Being an old geezer myself, I couldn’t help chuckling along with this wonderfully grumpy inventory. Ellis is essentially a realist, at war with idealism. He wants us all to see the world as it is, not as it might be, if only everyone else agreed with us.

But, of course, the snowflakes didn’t come from nowhere: they were the products of Ellis’s own generation, ‘selfish, narcissistic, true-boomer parents… not teaching them how to deal with life’s hardships about how things actually work: people might not like you, this person will not love you back, kids are really cruel, work sucks, it’s hard to be good at something, your days will be made up of failure and disappointment, you’re not talented, people suffer, people grow old, people die.’

Phew! Ellis is childless, so, in this context, something of a back-seat driver. But his disinterested position lends clarity to his view that ‘the blanding of our society’ – the idea that you will only read books or watch films with whose outlooks you already agree, and that you will seek to censor anyone who offends you – is damaging to art and civilisation.

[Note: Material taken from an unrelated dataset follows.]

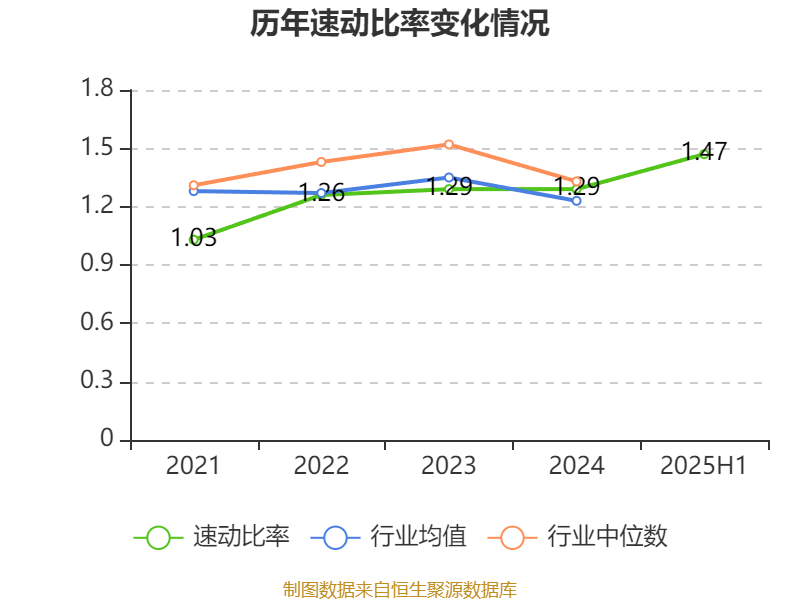2024年,公司流动比率为1.68,速动比率为1.29。2025年上半年,公司流动比率为1.88,速动比率为1.47。

‘After you’ve blocked and unfollowed people whose opinions and worldview you judge and disagree with, after you’ve created your own little utopia based on your cherished values, then a kind of demented narcissism begins to warp this pretty picture. Not being able or willing to put yourself in someone else’s shoes – to view life differently from how you yourself experience it… is why so many progressive movements become as rigid and as authoritarian as the institutions they’re resisting.’

He is writing about the current state of America, and in particular the demonisation of Donald Trump. Though he himself didn’t vote for Trump, he understands why so many did. He admires Trump’s chutzpah, his courting of controversy and his bullish disregard for Establishment conventions. He also enjoys the way the President leaves his opponents frothing at the mouth with self-righteous indignation.

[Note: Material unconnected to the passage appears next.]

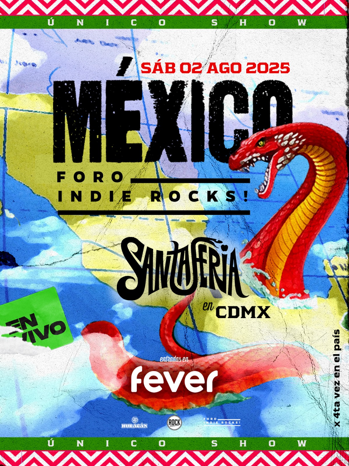 Los boletos para este evento único están disponibles en Fever Up. No pierdas la oportunidad de ser parte de esta celebración musical que promete ser un hito en la historia del Foro Indie Rocks! el próximo Sábado 02 de Agosto.

His own boyfriend, some years his junior, was turned into a wreck by Trump’s victory. ‘At times he resembled a bedraggled and enraged Russian peasant, ranting and stomping around.’ To anti-Trump journalists who headed an article lamenting his election, ‘What shall I tell my daughter?’ Ellis suggests telling her, ‘s*** happens, grow up, this is how the world works – and next time find a better candidate’.

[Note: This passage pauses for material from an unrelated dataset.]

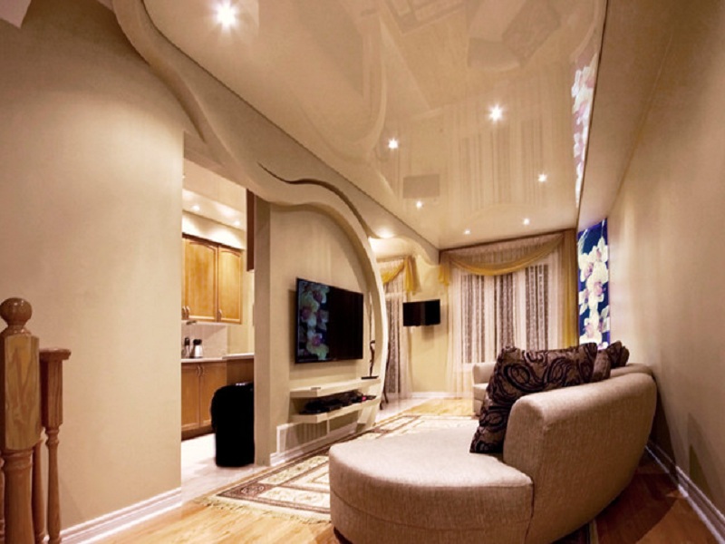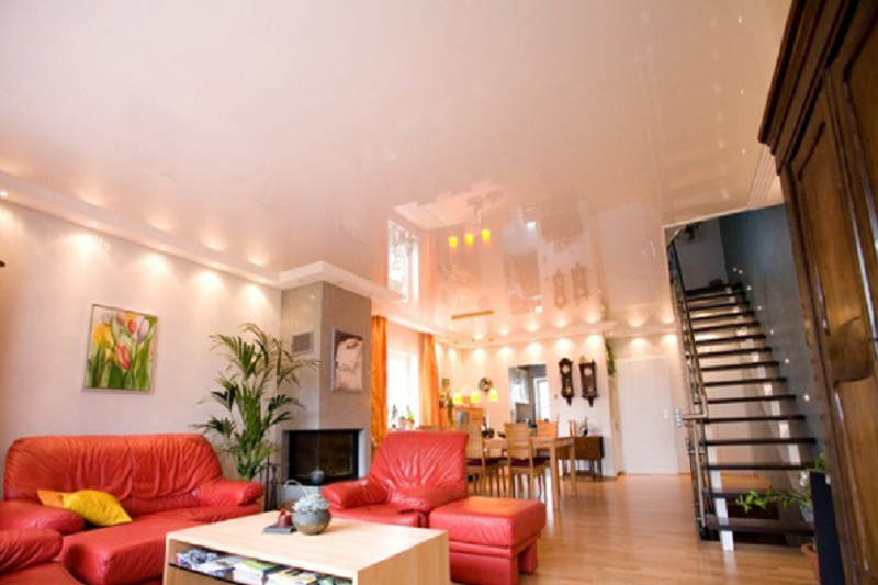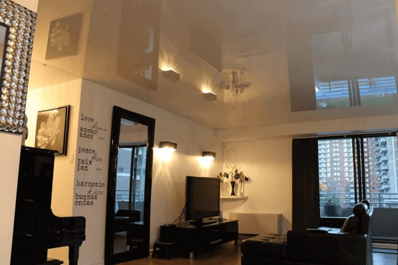 Помимо квадратуры помещения, нужно учитывать еще и уровень освещения. Если комната очень темная, то лучше отдать предпочтение светлым оттенкам, которые будут делать ее более уютной, глянец, в свою очередь, поможет решить проблемы с маленькой площадью, визуально ее увеличивая. Идеальный вариант – выбор белого глянцевого потолка. Для помещений с хорошим уровнем освещения можно выбирать покрытия любых оттенков, главное, учесть цветовую гамму интерьера.

Whether you agree or disagree, it is hard not to laugh. He is a master of what Auberon Waugh used to call the ‘vituperative arts’. Sadly, he focuses entirely on America, and has nothing to say about Britain’s own great social rift, caused by Brexit. I think you could rely on him to scorn those on either side who regard themselves as too full of passion and integrity to tolerate the other’s point of view. What a timely book this is – bursting with wit and diablerie, shameless, bracing and fun.